This article is part of our ISLR series wherein we will try to cover few examples from exercises in the “Introduction to Statistical Learning” book and discuss them in-depth. The ideal audience for these articles will be someone starting with regression or who wants a refresher.

This article mainly covers the usage of diagnostic plots in analyzing and improving linear regression models.

Assumption: Reader has a basic understanding of python and statistics.

Suggestion: Though the tutorial is complete in itself but could be best understood when read in conjunction with Chapter3 of ISLRhttp://faculty.marshall.usc.edu/gareth-james

Link to jupyter notebook is provided at the end of the article.

Auto dataset contains information about 392 vehicles. Our goal will be to predict mpg based on horsepower using linear regression and its variants.

Data files could be download from Git here.

Description: Gas mileage, horsepower, and other information for 392 vehicles.

Usage: Auto — Auto Data Set

Format: A data frame with 392 observations on the following 9 variables.

  • mpg: miles per gallon
  • cylinders: Number of cylinders between 4 and 8
  • displacement: Engine displacement (cu. inches)
  • horsepower: Engine horsepower
  • weight: Vehicle weight (lbs.)
  • acceleration: Time to accelerate from 0 to 60 mph (sec.)
  • year: Model year (modulo 100)
  • origin: Origin of the car (1. American, 2. European, 3. Japanese)
  • name: Vehicle name

The original data contained 408 observations, but 16 observations with missing values were removed.

Source- This dataset was taken from the StatLib library, which is maintained at Carnegie Mellon University.

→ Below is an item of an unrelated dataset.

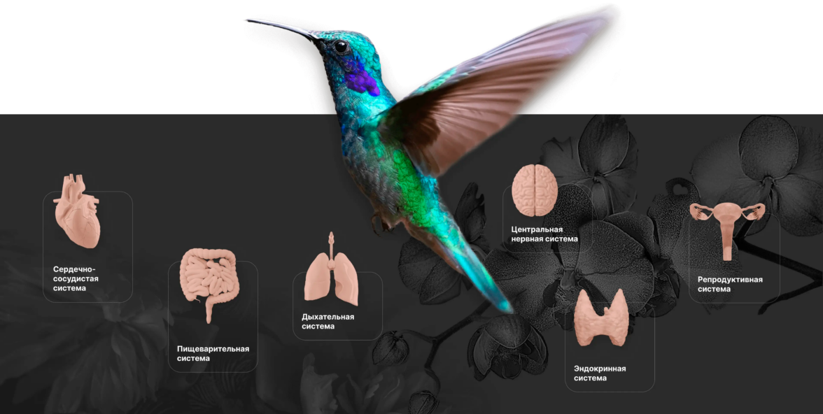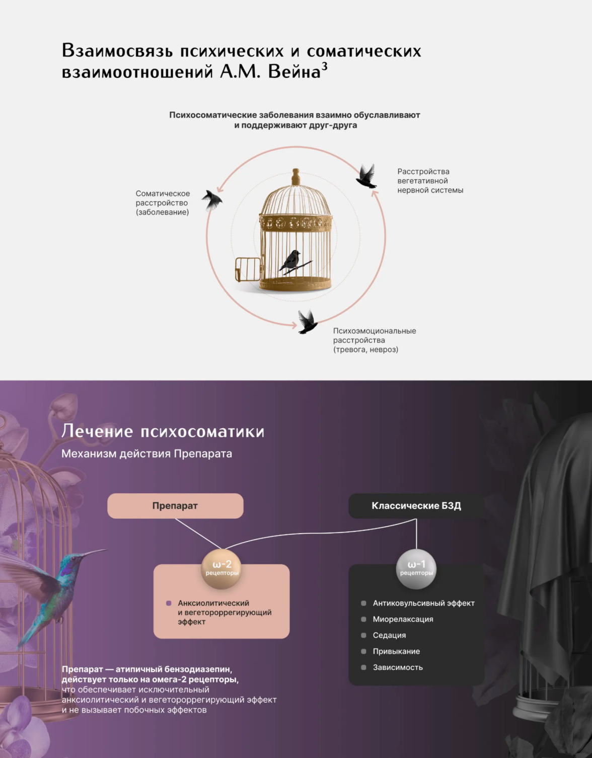 В рамках проекта был разработан медицинский контент для наполнения страницы. В основе концепции сайта метафоричный образ увядающего цветка и птицы, бьющейся в клетке, символизирующие пациента, который находится в состоянии тревоги, не может жить гармонично и свободно.

The dataset was used in the 1983 American Statistical Association Exposition.

Loading and Cleaning data

We start by loading the data to pandas DataFrame and analysing it using .head() and .info() functionality.

Using the head to view the first 5 rows of the dataset.

auto_dataset = pd.read_csv(Auto.csv')
auto_dataset.head()
auto_dataset.info()
Observe that though horsepower values appear integer in first five rows but we see data type as object.

Though horsepower values in the first five rows of the data set are integer, but data type for the column is an object. Hence, we will force convert this column to numeric values ignoring any values that cannot be converted.

auto_dataset.horsepower = pd.to_numeric(auto_dataset.horsepower, errors='coerce')
auto_dataset.info()

We can now observe that the horsepower column is a float with five missing values that pandas could not convert.

We will set the name column as an index and slice data_Set to contain just two columns of interest, mpg, and horsepower for ease of usage.

required_df = auto_dataset[['mpg', 'horsepower']]
required_df.describe()

Exploratory Analysis

Before directly jumping into the linear regression model, we should first plot and observe the relationship between two variables. We will use regplot from seaborn library, which allows us to plot the best fit line over the scatter plot.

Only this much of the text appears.